Potpourri...

So much is rattling around in my brain these days that I need to purge...

-Togetherness is beautiful, and I not only love my husband, I also enjoy his company and like him. Having said that, I look forward to his return to full-time employment soon. Jon was laid off right before vacation (that is, the day we left) and I was laid off right after. Some more income sooner than later would be appreciated.

-My being laid off is really just a kick in the pants from God. I had been very unhappy there for months, but really liking the money. Now I will be back in school full time and working part time.

-The above hinges on Jon's working situation. He has an extremely good opportunity coming up, but we are playing the waiting game right now. We covet your prayers.

-The waiting game is taking its toll on my mental health. IRL friends know that I have battled severe depression in the past. I am fighting its hold over me. I refuse to be ruled by irrational thinking!!!!! Prayers there would be helpful, too.

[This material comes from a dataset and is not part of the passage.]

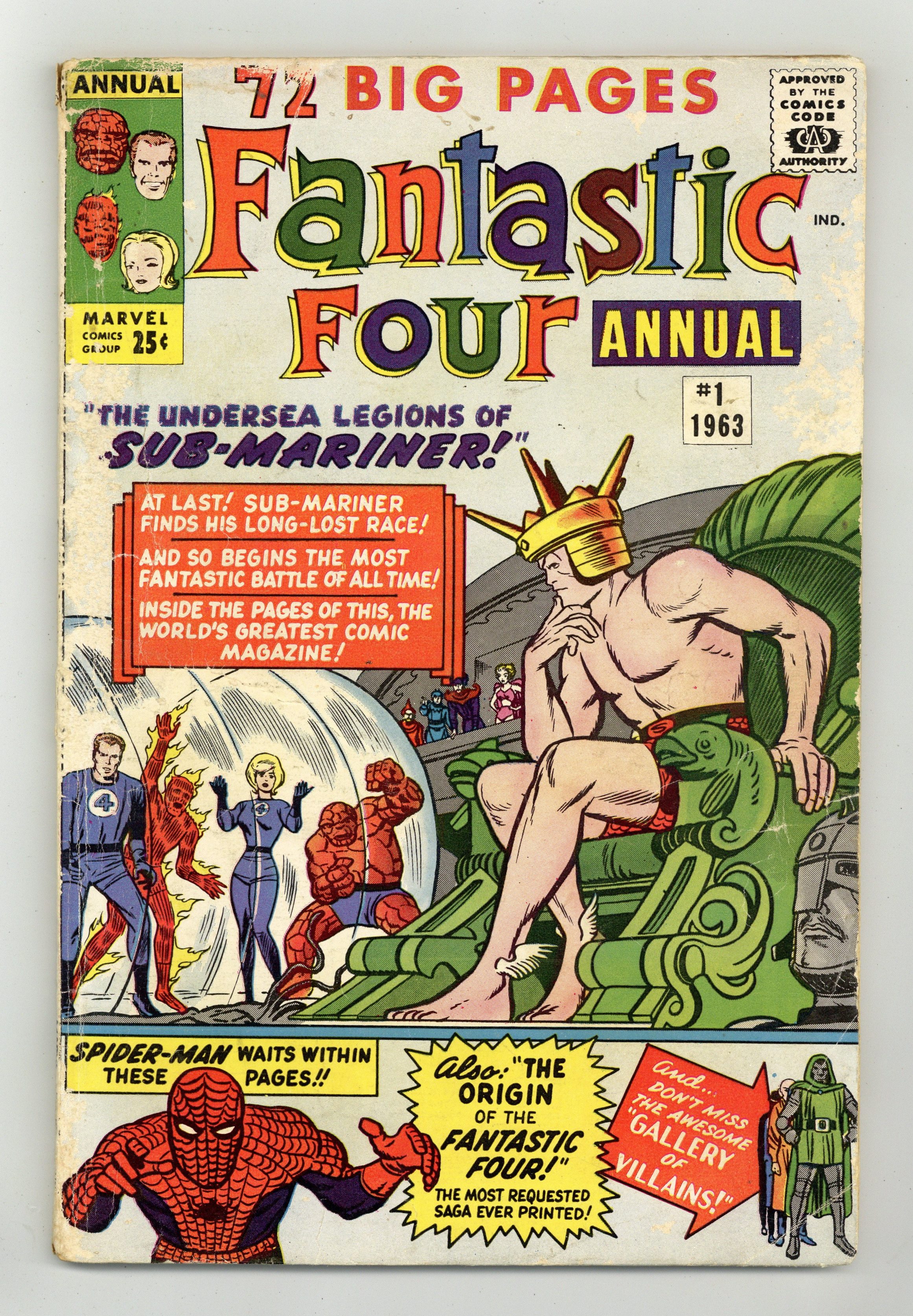 Ended Oct 17 2023 Winning Bid $116 New Sub-Mariner/FF story: "Sub-Mariner Versus the Human Race!" Script by Stan Lee; pencils by Jack Kirby; inks by Dick Ayers. New Spider-Man/FF story: "The Fabulous Fantastic Four Meet Spider-Man!" Script by Stan Lee; pencils by Kirby; inks by Steve Ditko. Fourteen pages new pin-ups and special features by Kirby/Sol Brodsky. Thirteen-page Fantastic Four origin reprinted from FF #1 76 pgs. Cover price $0.25. Grade: GD+ 2.5 explanation of grade Condition: Used (collectible)

-I have, for the first time in my life, entered the rabbit warren that is unemployment compensation. I wonder what will come first- an actual check, or a part time job? I spent a hour on the telephone yesterday- forty-two minutes of that was hold time to get a live person. I honestly cannot fathom anyone WANTING to stay on unemployment. Shoot, if it weren't for the fact that both of us are currently out of work, I would not even bother. Unfortunately, we need something more than Jon's part-time gigs to get by. What do people who have no savings do when something happens? If it weren't for our saving (however meager) we would be up the creek without a paddle.

-Balance. Something for which I am striving these days. It seems that so much needs to be done before school starts in September. I know that it will be even more difficult to keep on top of things then, so I really have to get a handle on my home management NOW. Thank you FlyLady!

-GP is celebrating Baptisms this week. Yay! Last week we watched video from our baptism celebration in the spring. I really do not like my picture taken, and I deplore video. Of course, who would be up there but me, blubbering on as I am wont to do (case in point- this blog). Anyway. I am still in wonder at what God has done for us the last two years. That's a whole post in and of itself.

-Speaking of GP, we have reached a decision (and by "we" I mean that Jon had decided long ago and was patiently waiting for me to catch up) to officially transfer our membership from CUMC. Generations of Potter would be turning over in their graves... I am kidding, of course.

-Jon is playing and singing in the other room.. I cannot think of a better way to spend my evening than listening to him as I first blog and later do some reading. I love that there is always music in our home.

-Devin said something last week which has been running around in my head. He said that when people say they don't like change, what they usually mean is that they don't like to be inconvenienced. Well, I can say that I don't like to be inconvenienced, for sure. I also don't really like change all that much. Even positive changes freak me out. Anyone remember me sobbing uncontrollable during our wedding vows??? Yeah, that's a girl who needs to get a grip.

-My sink needs to be cleaned, so this is it for now.

Comments

Susan said…
Interesting post!! I have to say that I agree about change...it's hard. George Burns once said, "No one likes change but a wet baby." And it's true.

And balance is such a hard thing to strive for...but FLY LADY is a great resource to try and get some.

Sounds like you have a lot on your plate. Praying for your decisions.

:-) Susan
Anonymous said…
We'll continue to keep you in our thoughts and prayers...doesn't sound like you are having a good time right now. Please let us know if there is anything we can do to help in any way.